Abstract
Rationale
Prepulse inhibition (PPI) represents a normal sensorimotor gating response that is typically impaired in schizophrenic patients. It is known that cannabinoid CB1 agonists reduce sensorimotor gating in rats, suggesting that the CB1 receptor and the cannabinoid system are involved in sensorimotor gating.
Objective
The objective was to study the effects of AM404, an anandamide reuptake and degradation inhibitor, on PPI and startle response in Swiss mice.
Methods
AM404 was injected either acutely (0, 2.5 and 5 mg/kg i.p.) or chronically (5 mg/kg daily, 7 days). The PPI protocol was based on standard methodologies using acoustic stimuli (pulse 120 dB; prepulses 70 dB and 80 dB). SR141716A, a CB1 antagonist, was employed for further confirmation of the involvement of CB1 receptors.
Results
Acute AM404 (5 mg/kg) disrupted PPI (70-dB prepulse, P<0.05) and enhanced the startle response after the 2.5-mg/kg dose (P<0.01).
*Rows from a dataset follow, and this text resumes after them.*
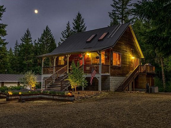 ''The difference is in the details!'' and this place has them all! 7.66 gorgeous ''Sunny Valley'' acres just waiting for you! This completely remodeled 2 bed, 1 bath, 1308 sq. ft. off-grid property has limitless possibilities; Multi Gen Family? Retreat Center? VRBO - AirBnB? Grow? Hobby Farm? There are acres of usable land, great water, good sun! This completely self-sustaining property is all Solar with Generator Backup, is heated by Certified Wood Stove (additional propane wall heaters in bed and bath), features a 35 GPM Well, Large attached 2 Car Garage (possible living space?) Separate 3 car garage with stylish kitchen and large rec room (ANOTHER living space?) PLUS 3 Cabins on property ready for your finishing touches! Seasonal Baker Creek runs through with 1931 water rights! Deer fence enclosed Custom Greenhouse! Fenced Livestock area! Barn! Chicken Coop! Bridge! And so much more! This property WILL NOT LAST!! Appointment only!
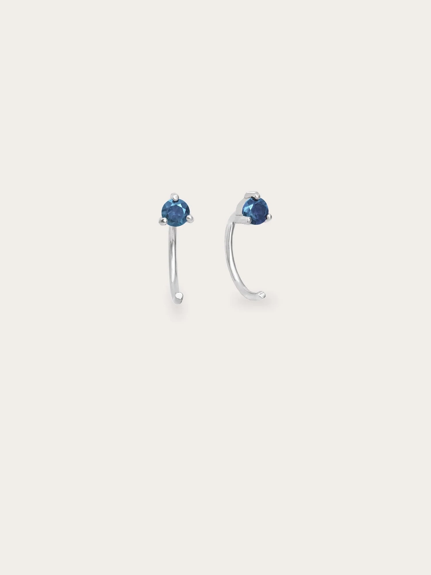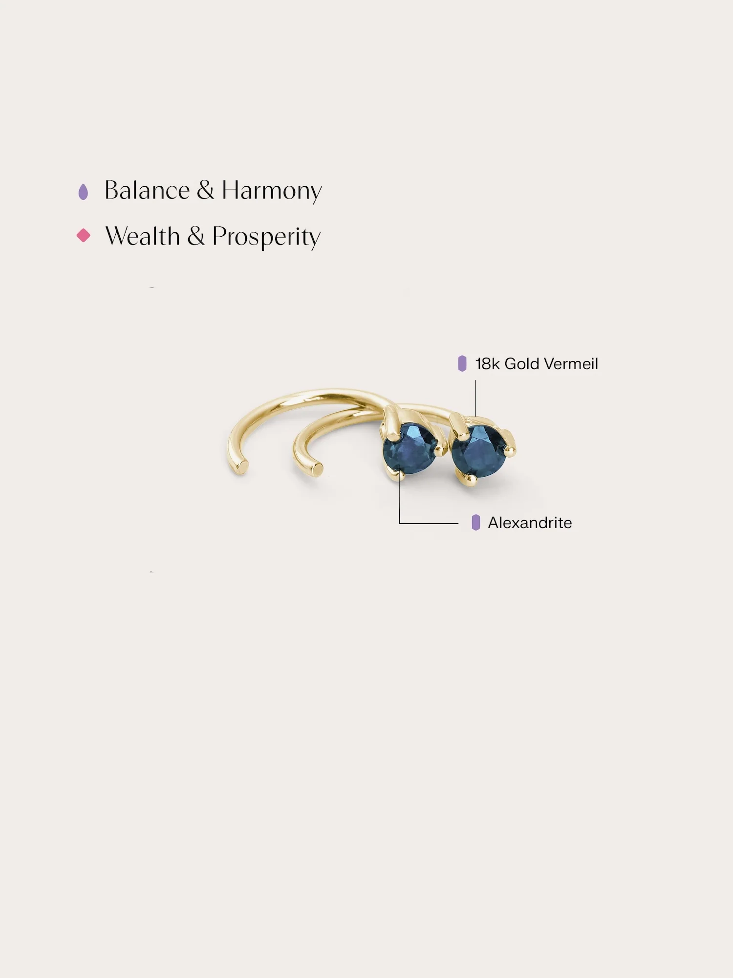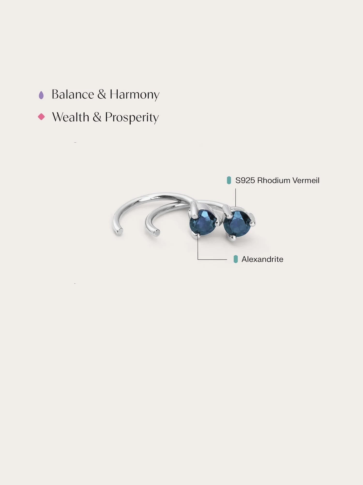 These mini hoop earrings feature lab-grown alexandrite stones. They are designed for daily wear. The open hoops are easy to wear, lightweight, versatile, and comfortable. They are suitable for the 1st, 2nd, and 3rd piercings. They are handcrafted with a type of vermeil where a thick layer of rhodium is plated on sterling silver.
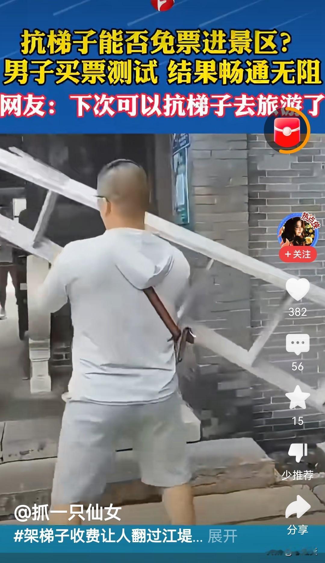 一架梯子能干什么,结果你想象不到。因为有时候他比领导还管用。 在医院排队时,你要是插队,是会犯众怒的。别急,扛一架梯子。别人主动给你让路,让你先走。 景区没买门票,你只要扛一架梯子,顺理成章,直接穿门而入,检票员还会给你维持秩序,让别人等一下,让你先走。 和大爷大妈去超市拼手速,你大概率是抢不过他们的,但是如果你扛一下梯子,他们会主动给你让道的。 大家说是也不是? 说好了可不能干犯法的事儿。

Chronic AM404 disrupted PPI after both 70-dB (P<0.01) and 80-dB prepulses (P<0.05). These effects were blocked after SR141716A cotreatment.
Conclusions
The data indicate that AM404 (5 mg/kg) acts as a psychodysleptic, altering PPI through stimulation of cannabinoid CB1 receptors, pointing to a possible “psychosis-like” state after enhancement of anandamide bioavailability. The startle response was enhanced only following a lower AM404 dose (2.5 mg/kg), indicating that AM404 induced hyperreactivity at a dose that did not affect PPI, further reinforcing a selective disruption of PPI.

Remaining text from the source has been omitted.